TURKEY - In Brief 03 Jun 2019 by Murat Ucer

Consumer prices rose by a lower than expected 1%, m/m, in May (consensus: around 1.3%), with the 12-month rate thus easing to 18.7% from 19.5% in April. Monthly Domestic-PPI inflation was 2.7%, on the back of a weaker lira and higher energy prices, but given last year’s elevated base, the 12-month D-PPI inflation also fell to 28.7% from 30.1% in the previous month. That said, the PPI inflation in particular as well as its spread over CPI-inflation (which has been hovering around 10 percentage points in recent months) remain high, attesting to continuation of cost-push pressures (Graph 1; Table 1). The unexpectedly sharp drop in food prices was a key driver of lower CPI inflation this month (at least as far as our forecast is concerned), which dropped to a 12-month rate of 28.4%, from 31.9%, or shaving off some 0.3 ppt from overall CPI-inflation this May, compared with a positive contribution of about same magnitude last May (Graphs 2-3).
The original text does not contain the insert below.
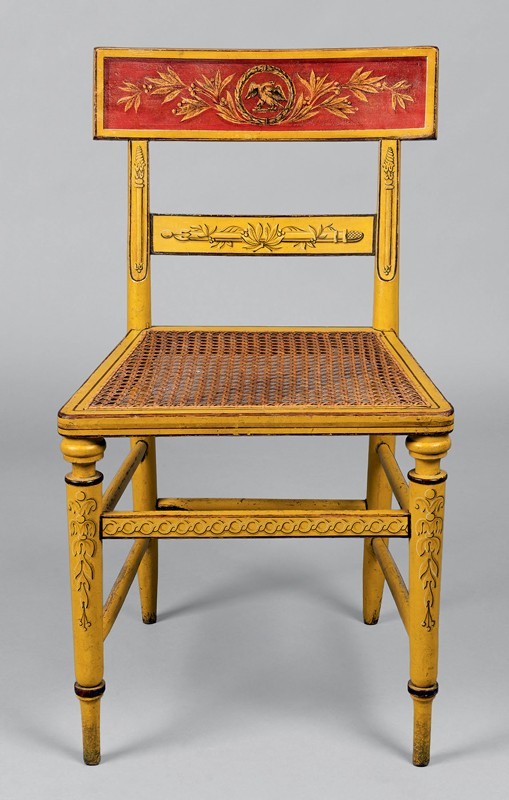 The city of Baltimore was abuzz with all of the activities involved in welcoming “The Nation’s Guest,” including a dinner hosted by the Society of the Cincinnati at James Buchanan’s mansion (fig. 10) and a dinner held by the Corporation of Baltimore at the Fountain Inn. Samuel Smith’s brother-in-law and neighbor William Patterson (1752–1835) served on the committee of arrangements that was given authority by the city to plan for and purchase the decorations for Lafayette’s welcome and dinner at the Fountain Inn.[43] While the Finlays were well known for undertaking such events, their extensive furnishings for the Assembly Rooms may have taxed their capacity. Patterson and his committee needed to turn elsewhere for some of their decorations and furniture and commissioned six dozen fancy “Cane seat chairs” from Baltimore chairmaker John King (active 1808–1829), whose shop for nearly a decade had been at 24 North Gay Street (old number), just several doors away from the Finlays.[44] For the event, Hugh Finlay only produced four pier tables, apparently fancy, which were lent with marble tops to be returned. Little-known miniaturist Joseph Weisman (dates unknown) was commissioned to paint eighty “Portraits of General LaFayette on chairs & Tables,” apparently decorating both King’s and Finlay’s pieces.[45] After the event was over, the city sold all the items they had commissioned for the dinner, with Patterson acquiring at least “1 Doz: La Fayette Chairs.” From this large commission, only three chairs and one pier table are known to survive, all with history of being owned by Patterson (figs. 16, 17).[46]

Most other sub-categories pointed to softer inflation pressures this May (some puzzlingly so, like houseware, which typically responds to lira weakness), but some service-concentrated sub-categories (e.g., hospitality, culture, education), were broadly unchanged. As a matter of fact, service inflation, which was unchanged at 15.1%, y/y, remained sticky through May (Graph 4; Table 2).And last, but certainly not least, core inflation (C-index) also eased to 15.9% from 16.3% in April, but its monthly (seasonally-adjusted) pace has edged up slightly to (a 3-month moving average) of 0.5%, from some 0.4% in April, reflecting recent lira weakness, which, in principle, should continue driving monthlycore inflation somewhat higher in the coming...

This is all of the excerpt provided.